Businessman Stressed

How Burnout Can Be Bad For Not Only Your Mental Wellbeing But Physical Health Too

Burnout is normally caused by excessive and long-lasting stress, causing a state of emotional, physical and mental exhaustion. It is most commonly connected with chronic job stress or dissatisfaction; however, it can occur in other areas where one is exposed to prolonged stress from a ‘job’ – such as caring for an ill family member. Burnout syndrome has also been called ‘Vital Exhaustion’ has been known to lead to some physical ailments such as a reduced immune system or digestive issues, however, a study among men has now found that it can lead to an increased likelihood of having a heart attack. 

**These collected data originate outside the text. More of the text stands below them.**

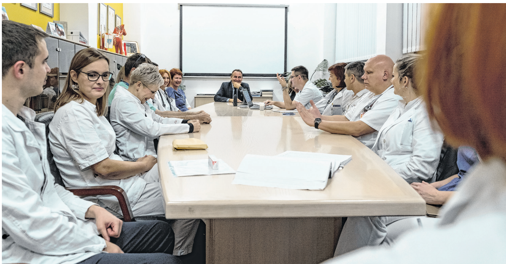
Djelatnici Thalassotherapije na dogovoru s ravnateljem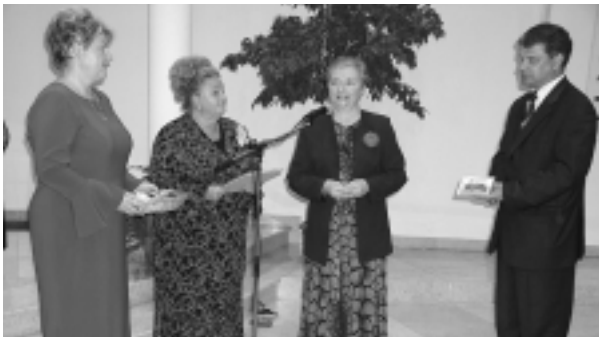
Uvedenie nového CD s piesňami detského speváckeho zboru Dúha.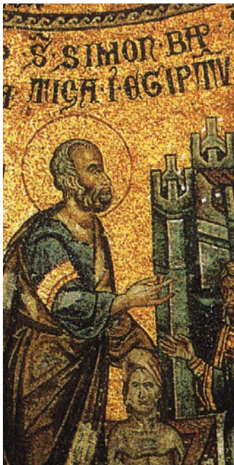
Fig. 8: San Simone (immagine tratta da San Marco: Basilica patriarcale in Venezia: i mosaici, le iscrizioni, la pala d'oro, M. ANDALORO et alii (a cura di), Milano 1991, p. 186).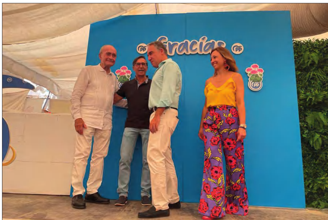
Entrega del premio a Cruz Roja.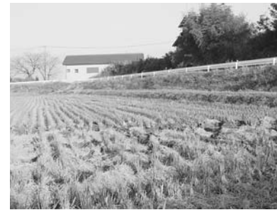
文化的景観の一つ 海老瀬の自然堤防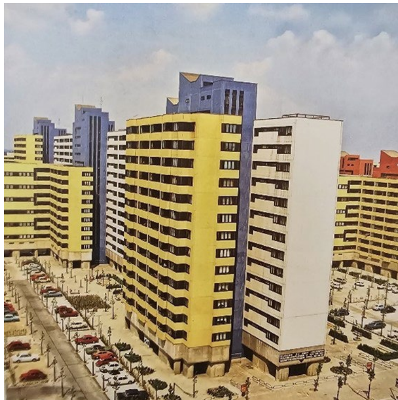
Abb. 2: Märkisches Viertel Berlin 1979

Trotz aller Kritik hinsichtlich der Monotonie, fehlender Infrastrukturen und der ungenügenden sozialen Durchmischung, ziehen viele Menschen aber gern aus den überfüllten Altbauten in diesen neuen, mit modernen Sanitär- und Heizungskomfort ausgestatteten Hauskomplexe.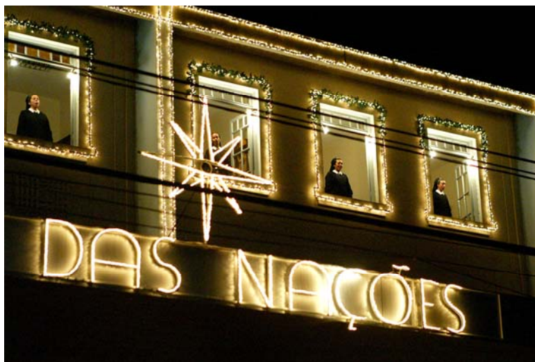
Abertura da Cantata pelas Irmãs de Maria

A apresentação já se tornou tradição no calendário londrinense e tem atraído caravanas de diversas cidades e estados. É uma vivência que congrega toda a comunidade. Neste ano de 2005 foram seis coros envolvidos, além da comunidade acadêmica. Alguns momentos deste evento estão registrados nas fotos abaixo.

The American Psychological Association defines Vital exhaustion as a state characterized by excessive fatigue, lack of energy, sleep disturbances, and feelings of demoralization.” Referring to the same condition, but instead with the title of ‘burnout’, the World Health Organization defines it as “Burn-out is a syndrome conceptualized as resulting from chronic workplace stress that has not been successfully managed. It is characterized by three dimensions: feelings of energy depletion or exhaustion; Increased mental distance from one’s job, or feelings of negativism or cynicism related to one’s job; and reduced professional efficacy…”

Embed from Getty Images

The term ‘burnout’ was first coined in 1974 by Herbert Freudenberger who defined the occurrence as “the extinction of motivation or incentive, especially where one’s devotion to a cause or relationship fails to produce the desired results.” Burnout is not considered a psychological condition but can still be identified in a number of ways, commonly, exhaustion, isolation, irritability, escape fantasies and frequent illnesses, according to Healthline

It surpasses ordinary fatigue, making it difficult for people to get on with everyday activities and cope with stress. Burnout can lead to feelings of pessimism, cynicism and alienation. It can cause physical symptoms, such as headaches, stomach aches, digestive issues and a lowered immune system. It can lead to people feeling emotionally and mentally drained, tired and unable to cope – reducing performance in a variety of tasks. It shares some symptoms with mental health conditions such as depression – a person with burnout may not want to get out of bed in the morning for example.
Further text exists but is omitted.